OpenCL (Open Compute Library), makes it possible for developers to efficiently tap the vast gigaflops of computing power currently locked up in the graphics processing unit (GPU). With GPUs approaching processing speeds of a trillion operations per second, they’re capable of considerably more than just drawing pictures. OpenCL takes that power and redirects it for general-purpose computing.
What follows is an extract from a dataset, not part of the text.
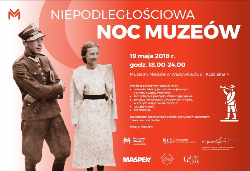 Wreszcie Wadowice. Wystawę w Muzeum Dom Rodzinny Ojca Świętego Jana Pawła II można będzie zwiedzać wystawę stałą według kolejności przybycia zaczynając od godz. 19-tej, ostatnie wejście o 22.45. W „Czytelni Mieszczańskiej” Towarzystwo Miłośników Ziemi Wadowickiej zaprezentuje wystawę o drze Józefie Sołtysiku – lekarzu pokoleń. Muzeum Miejskie w Wadowicach, które od 2011 roku koordynuje Noc Muzeów ziemi wadowickiej, w tym roku koncentruje się na 100 rocznicy odzyskania przez Polskę Niepodległości. W klimat wydarzeń sprzed lat wprowadzą zwiedzających rekonstruktorzy jednostek wojskowych, które walczyły w czasie I wojny światowej, prezentując rynsztunek i uzbrojenie z epoki. Dopełnieniem tego będą stojące na ul. Kościelnej samochody z początku minionego wieku. Z okazji akcji „100 zdjęć na 100 lecie Niepodległej” miłośnicy fotografii będą mogli skorzystać z fotobudki i zrobić sobie zdjęcie w monidle. Z kolei zwiedzaniu stałej wystawy „Wadowice – miasto, w którym wszystko się zaczęło” towarzyszyć będzie gra miejska, „escape room” osadzone w realiach 1918 r. Na każdego, kto przyjdzie z biało-czerwonym akcentem będzie czekać niespodzianka...

That’s interesting: in the history of computing, people first added GPUs to offload a certain kind of processing work onto specialized CPUs. Now we’re taking some of that processing power back.

The kidney, if I remember Dawn’s description of it right, works in stages. One stage adds too much water into the urine, but a later stage takes some back out. Why the kludge? Probably for historical reasons: if you’re a fish, being wasteful with water is not a problem. Crawl up onto land, and suddenly it is a problem. How to solve it? Add a patch to undo what an earlier stage does.

OK, so they’re not exact parallels. But stories like that are a way to remind myself of that useful quote, originally (I believe) from Kenneth Boulding, made a meme by Gerald Weinberg: “Things are the way they are because they got that way.”

Forgetting that is a problem, because we all tend to be Panglossians, thinking the thing we’re looking at is not only tuned to a problem but also optimally tuned. It may be bad but, well, I guess that’s just because bad is the best it can be.

If we realize it got to be what it is by a historical path, influenced by chance, we can be more ready to make change—and more ready for two reasons: not only is a historical accident unlikely to be really optimal, our change will be only one in a long history of changes and so it’s not that important that it be right. We can also realize that we have at least two options: to add something on, or to take something away—and that the latter approach is more likely to be under-explored and so more fruitful.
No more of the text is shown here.